Another Chinese medicine hall worker, who preferred not to be named, told Malay Mail that his rice wine wholesaler had also stopped selling to the store.
He uses the rice wine to prepare some of the traditional medicinal herbs.
“If it’s like this, the government would also lose money. They lose on the percentage of alcohol tax. Such a silly move!
“Earlier this year, my wholesaler said he does not want to supply any more.
He said that he was just selling the rice wine he has in stock now before discontinuing.
“Because of the government and well rightfully so, because later if they come to inspect and it’s here, there will be a penalty. May have to go to court since this item cannot be sold,” he added.
DBKL’s proposed new guideline states that sundry shops, convenience stores and Chinese medicine halls in Malaysia’s capital city will no longer be allowed to sell hard liquor except for traditional medicine purposes from October 31.
This comes even as the Kuala Lumpur and Selangor Chinese Assembly Hall (KLSCAH) warned that restricting liquor sales at convenience stores will hurt small businesses still reeling from the pandemic restrictions.
DBKL was heavily criticised for the policy by critics who called the new proposed regulation an infringement on minority rights.
Beer will still be allowed to be sold although only between 7am to 9pm, and placed away from other beverages.

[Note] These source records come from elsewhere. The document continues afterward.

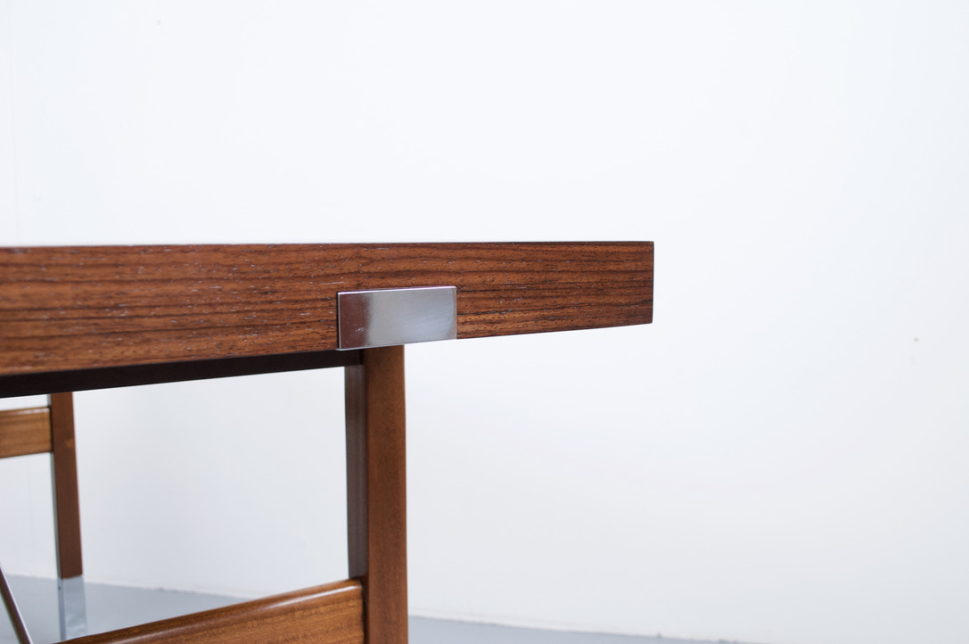 Plateau rectangulaire et piètement en palissandre des indes.
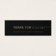 Modern minimalist text design in brown on colour editable black background, custom your own business information and optional company logo on the back, clean and simple, unique professional thank you for your purchase insert for customer.
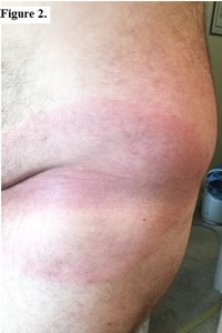 Per the original ED records, initial physical examination was only pertinent for mildly diaphoretic skin with an egg-shaped erythematous rash on his anterior left hip and groin measuring 26 cm. with central clearing, or area void of red coloration (see Figure 2). The rash was neither tender nor warm to palpation. The patient had intermittent bradycardia in the 50s, and his vital signs were otherwise within normal limits.
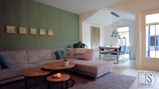 Lichte en sfeervolle woonkamer dankzij de aanbouw aan de achterzijde. Aan de voorzijde bevindt zich de zithoek met een praktische trapkast voor extra bergruimte. In de aanbouw is het eetgedeelte gesitueerd. Via de openslaande deuren is er direct toegang tot de achtertuin.
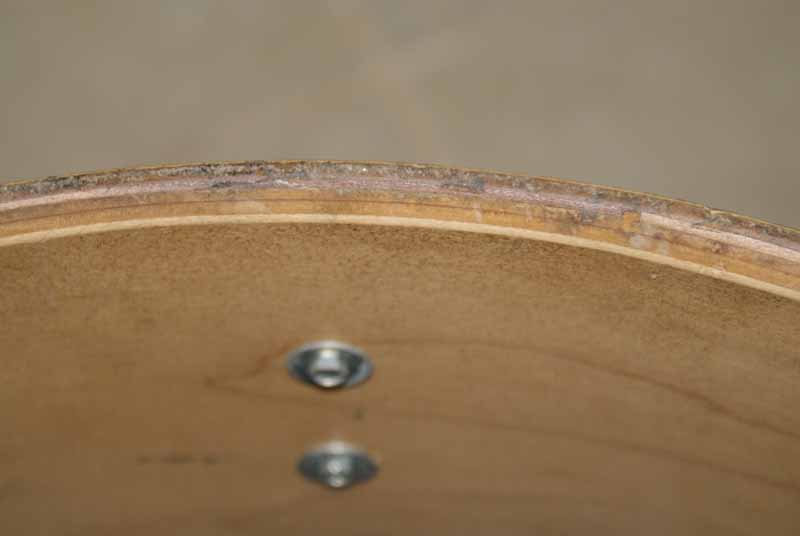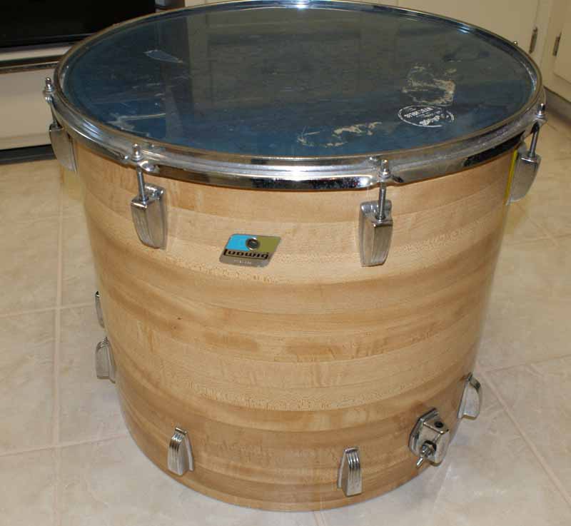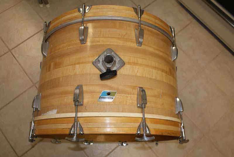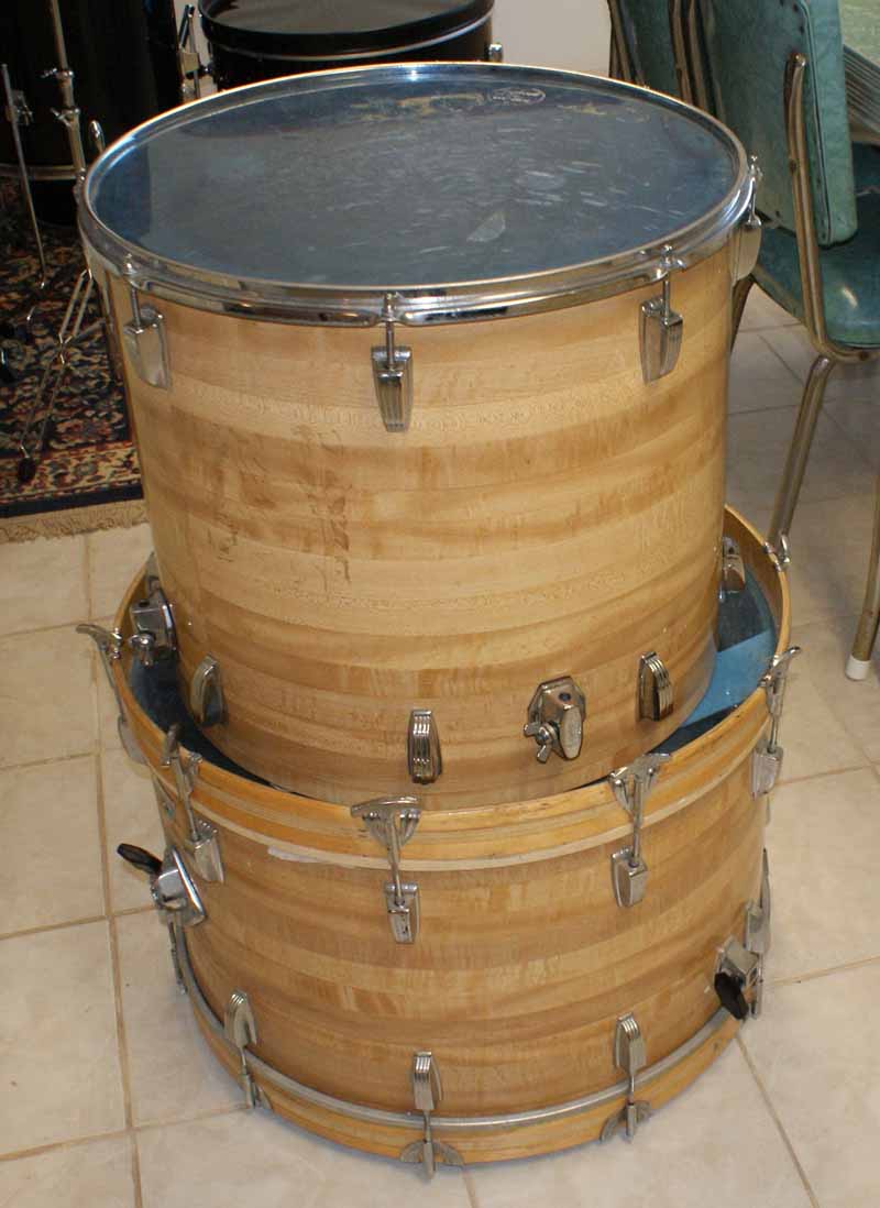 I bought these two drums the other day. I know they are from the eighties but that's about it. I love the ugliness of the butcher block cortex and I'm really excited about the sizes. Several problems though. I'm missing the spurs and the Ludwig curved spurs from the 70s don't seem to fit. (not fat enough). I'm also missing the bottom floor tom rim. Any help on locating a 20" hoop. I'd like help with a date, spur info and maybe other sizes that would have gone with this set. I'm not really looking to complete the set because I like the minimalist thing but some info on the tom mount would be useful.
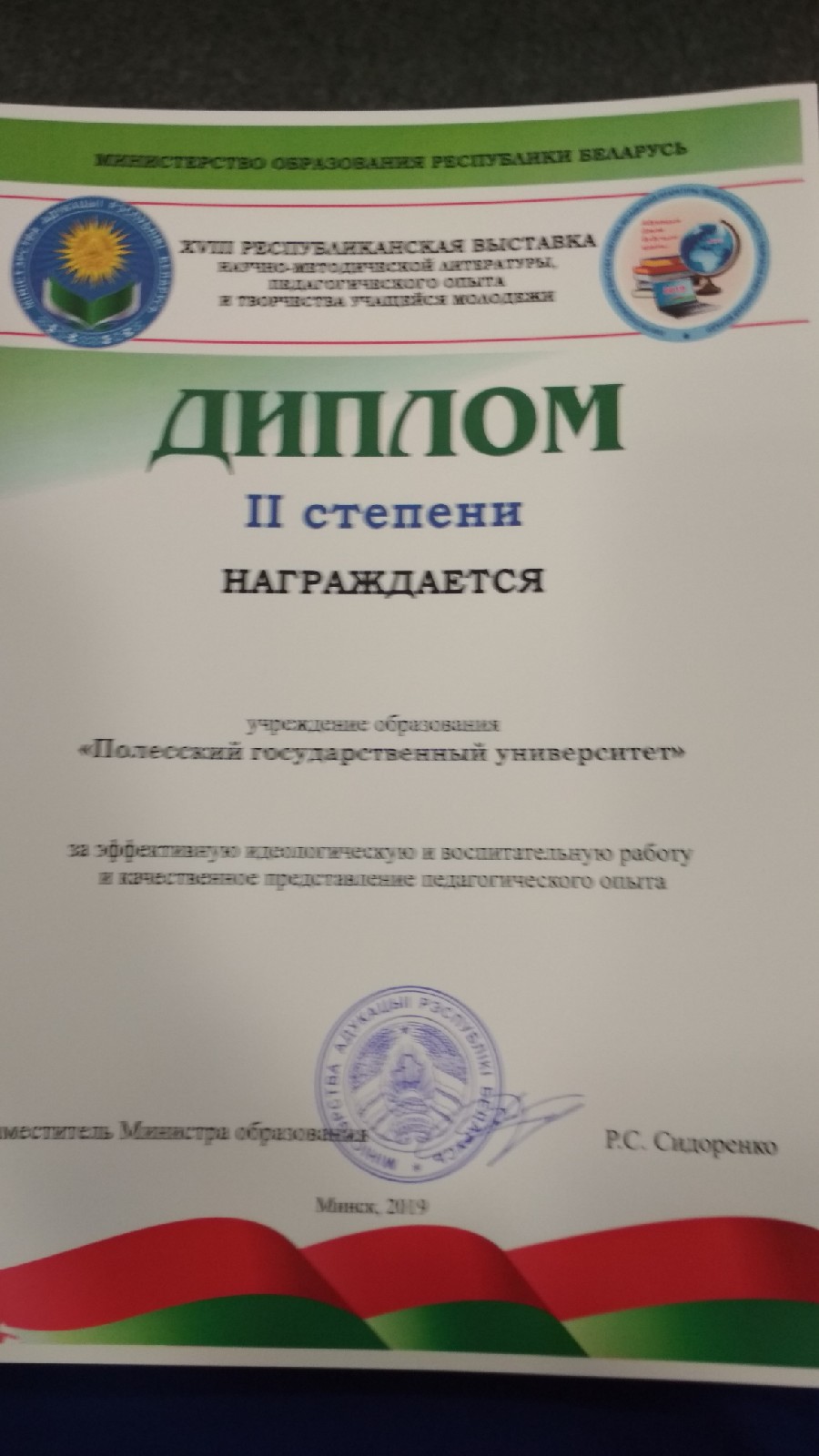 19 апреля 2019 года в г. Минске состоялась церемония закрытия XVIII Республиканской выставки научно - методической литературы, педагогического опыта и творчества учащейся молодежи в рамках Года малой родины. Студенты университета своими яркими номерами выразили любовь всех сотрудников и учащихся вуза к Alma mater. По итогам проведения выставки коллективная работа студентов и сотрудников университета была отмечена дипломом второй степени.

The ruling also states that businesses in front of police stations, places of worship, schools and hospitals cannot sell alcohol.
At present, businesses that are allowed to sell alcohol include restaurants, pubs, bars, hotels, commercial complexes, warehouses, supermarkets, hypermarkets. These places are also allowed to hold promotional activities that serve liquor.

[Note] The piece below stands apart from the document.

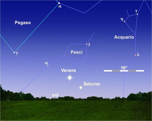 Rimasta “orfana” di Mercurio, la coppia Venere–Saturno sta lentamente emergendo dalle luci dell’alba, diventando osservabile con maggior facilità, soprattutto il pianeta inanellato, la cui luminosità non è ottimale, mancando il contributo del sistema di anelli che lo circonda, attualmente invisibile perché posizionato “di taglio”.
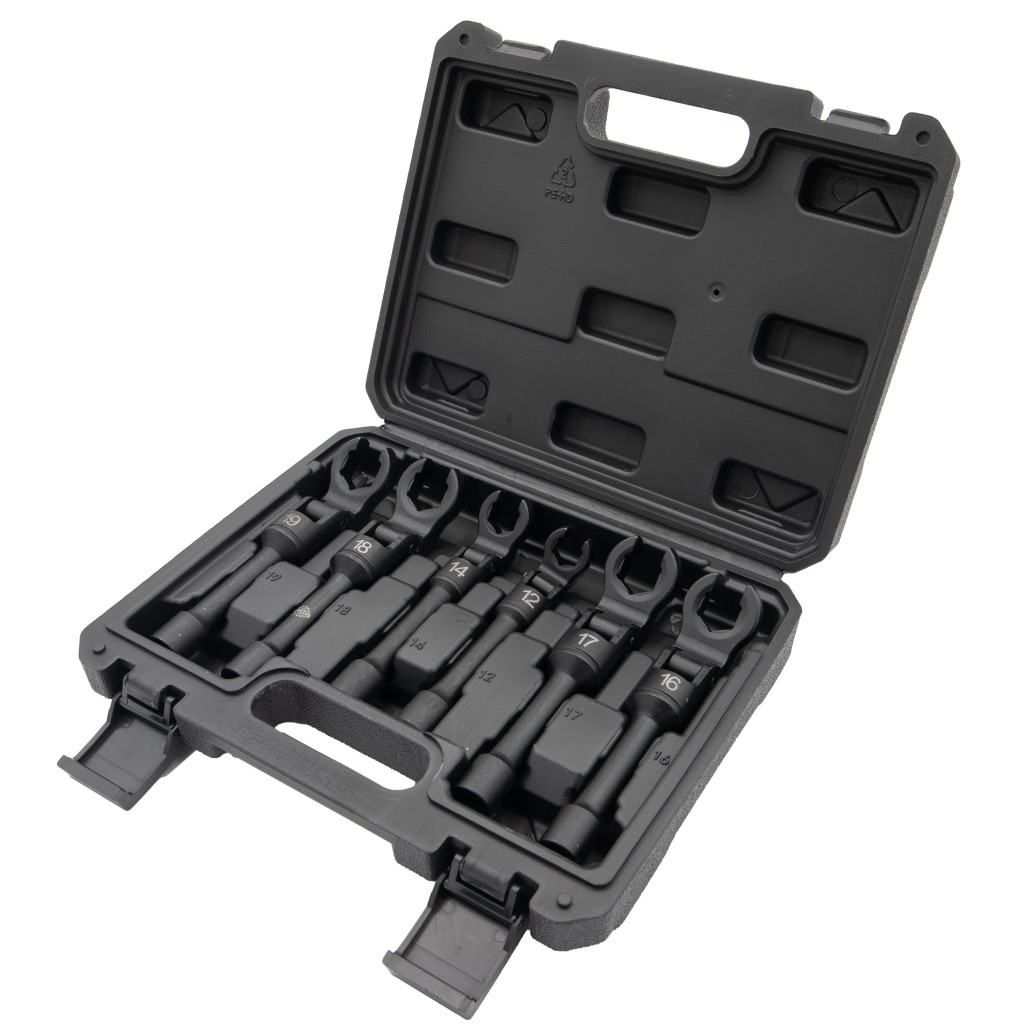 Tartós, csuklós fejű csőkulcs készlet (12-19 mm) diesel befecskendezőkhöz, üzemanyagcsövekhez és hidraulikához, 220°-os mozgástartománnyal és hosszú nyéllel nehezen elérhető helyekhez.

DBKL had previously, in June last year, announced a freeze on all new applications for licences to sell alcohol with immediate effect.
As for Kedai Runcit, Ubat dan Arak Yee Hong’s owner Cheung, the ban on sales of alcohol will definitely dent his business income.

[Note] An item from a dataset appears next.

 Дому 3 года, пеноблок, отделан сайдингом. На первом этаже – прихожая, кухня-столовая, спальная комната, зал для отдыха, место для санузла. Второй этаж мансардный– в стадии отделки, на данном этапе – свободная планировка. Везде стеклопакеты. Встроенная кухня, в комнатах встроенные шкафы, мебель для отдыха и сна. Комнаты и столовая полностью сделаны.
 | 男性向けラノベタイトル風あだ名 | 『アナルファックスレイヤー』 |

Even before the ban was announced, Cheung said the authorities had insisted that he separated alcoholic beverages from other drinks in his Sentul shop.
“What is the logic behind this regulation? What purpose does it serve? We don’t sell alcoholic beverages to Muslims, we are very strict about that,” said Cheung.
He also asked why the authorities are introducing so many regulations which are hampering daily business operations.
“We have been in business for the last 20 years, and even after they increased the price for licence application, we still continued to sell beverages which contained alcohol, as some were used for medicinal purposes. Tell me, how are we supposed to survive after this?”
He added that running the business today required many separate licences, compared to before where he only had to obtain one licence.
“Everything we sell needs a different licence. It is tough to run a business these days,” he said.
A shop assistant at Kedai Runcit & Ubat Dong Ann in Wangsa Maju said without the sales of liquor or alcoholic beverages, the store will lose about 20 per cent of their revenue each month.
“That’s a rough calculation, and I can foresee more losses,” he added.
At Kedai Ubat Yuan An in Taman Melawati, another shop assistant said they stopped selling alcohol as it was a complicated process to apply for a licence to sell liquor and alcoholic beverages.
“We previously did sell these items but when they required us to apply for a separate licence, it became a hassle.
“We prefer not to sell these items anymore. I find that we have more peace of mind, instead of worrying that we’d be fined for violating any rules and regulations,” he added.